Henry Chesbrough, professor and executive director of the Center for Open Innovation at the Institute of Management, Innovation & Organization of the University of California at Berkeley, once said, “Open innovation is the use of purposive inflows and outflows of knowledge to accelerate internal innovation, and expand the markets for external use of innovation, respectively. [This paradigm] assumes that firms can and should use external ideas as well as internal ideas, and internal and external paths to market, as they look to advance their technology.”
Simply put, the concept of “open innovation” encompasses a variety of activities, such as joint corporate development, joint venture and open-source models which make the most of knowledge creation inside and outside the enterprise and market processes. “Open innovation” was implemented widely in the past. But in most cases, outside knowledge was used just once or played a simple role in merely supplementing inside knowledge. But today when “open innovation” is enforced, outside knowledge is treated as importantly as inside knowledge, and enterprises make consistent efforts to introduce outside knowledge and technologies and help inside knowledge and technologies advance into the market concurrently.

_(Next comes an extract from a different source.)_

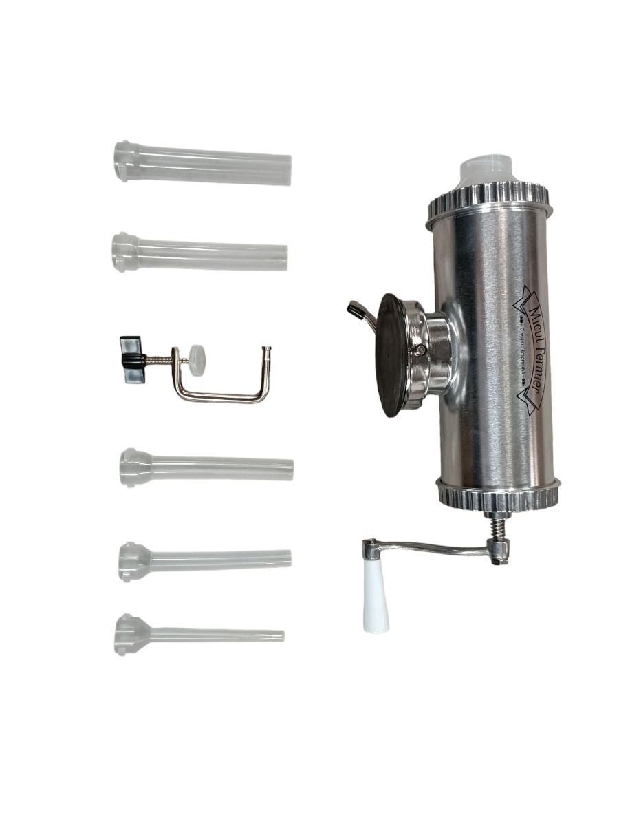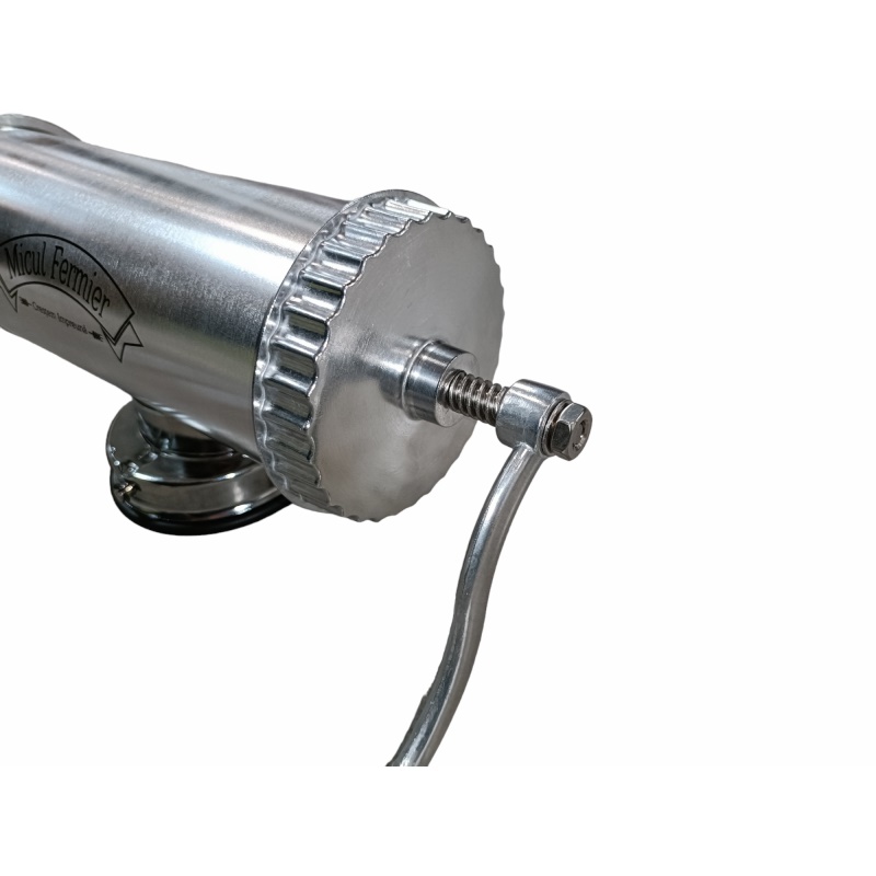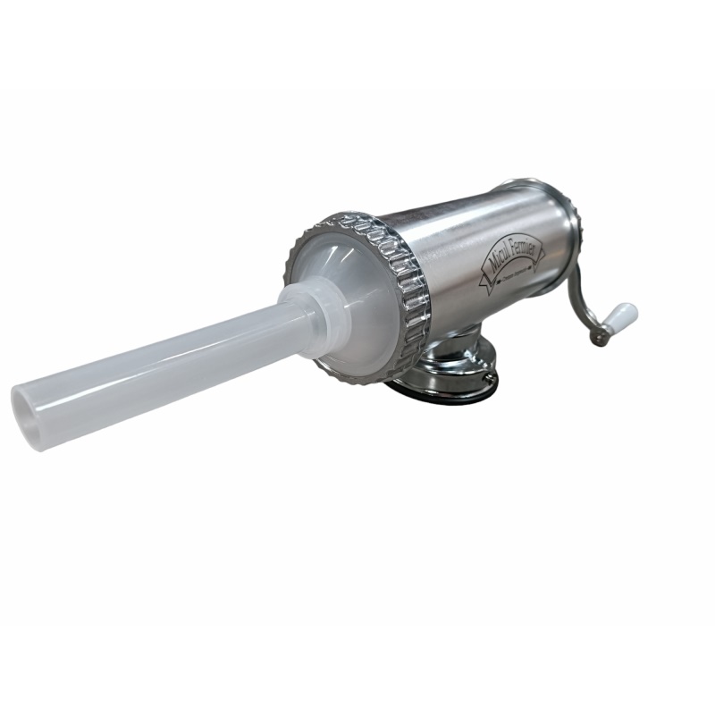 Masina de carnati 1.5kg AL ventuza 5 palnii, Micul Fermier GF-0824-S001-G02 Acum traditionalii si deliciosii carnati pot fi facuti oricand la dumneavoastra in bucatarie. Puteti prepara carnati de casa cu aparatul de capacitate maxima 1.5 kg dupa propria dumneavoastra reteta. Aparatul de carnati va ofera posbilitatea sa preparati carnatii intr-un timp foarte scurt. Aparatul este practic si foarte usor de folosit. Acesta vine pe un suport cu ventuza si cu o clema de prindere. Specificatii tehnice masina de carnati cu ventuza., 1.5kg, aluminiu , Micul Fermier GF-0824-S001-G02: • prinderea se face in doua moduri: cu ventuza sau pe masa, cu filet; • este usor de folosit si curatat; • este confectionat din aluminiu inoxidabil; • are o capacitate de maxim 1.5kg. Pachetul contine: • aparatul pentru carnati, • manivela de filet atasabila, • accesoriu de prindere pe masa, • cheita pentru insurubat, • soclu pentru palnii, • 5 palnii de diferite dimensiuni. Masina de facut carnati are specificatiile de utilizare inscriptionate pe cutie, cat si un grafic cu componentele si rolul acestora.Specificatii

Now we want to develop the concept of “communications” from that of simple horizontal, vertical and parallel exchange of opinions to that of comprehensive exchange of ideas and capabilities to that of mutual development of technologies. We want to see small investments made through mutual communications to cultivate capabilities and achieve successes, and to see trust in such “transcendental” communications built between organizations, societies and countries. The effects of such communications can be explained through proactive communications among members of each organization or society. In this process, they can share success stories of advanced enterprises and have many of their grievances removed as they become motivated to engage in better communications.

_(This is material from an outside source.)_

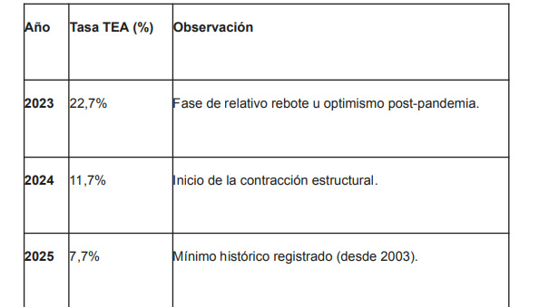 El declive de la Actividad Emprendedora Temprana (TEA)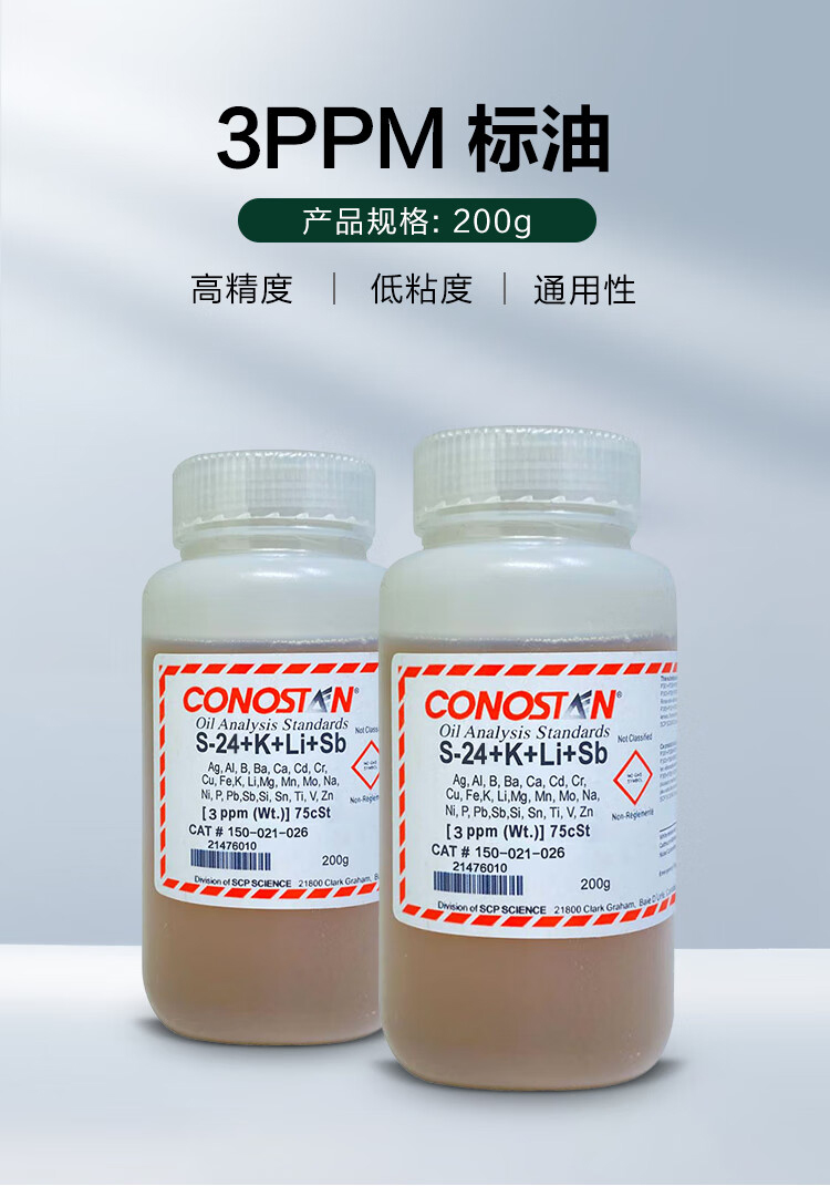 CONOSTAN 3ppm多元素混合標(biāo)油主要應(yīng)用于化學(xué)檢測儀器,輔助檢測化工品性能。

“Interactive,” a term that is frequently used in the IT industry recently, signifies interactivities. The 3D video sector, on which KDC is concentrating its energies, also carries the meaning of interactive “communications.” 3D technologies have begun to be used in all industrial sectors, including knowledge, electronics, information, communications, culture and education. The development of these technologies is gaining pace, considering that they are producing new added values and additional industries as they are combined with those in other related industrial sectors, such as films, games, digital content, digital TV, advertisements, the Internet and mobile broadband, through outstanding interoperability and adaptability. The 3D video industry is drawing attention in the consumer market and expanding its market rapidly, most probably due to consumer’s greater demand for more true-to-life video programs and technological development of various multimedia devices. Accordingly, expert prediction that the future of information and communication depends on how to secure technologies of the Internet and digital content is now becoming a reality -- no longer a mere prediction.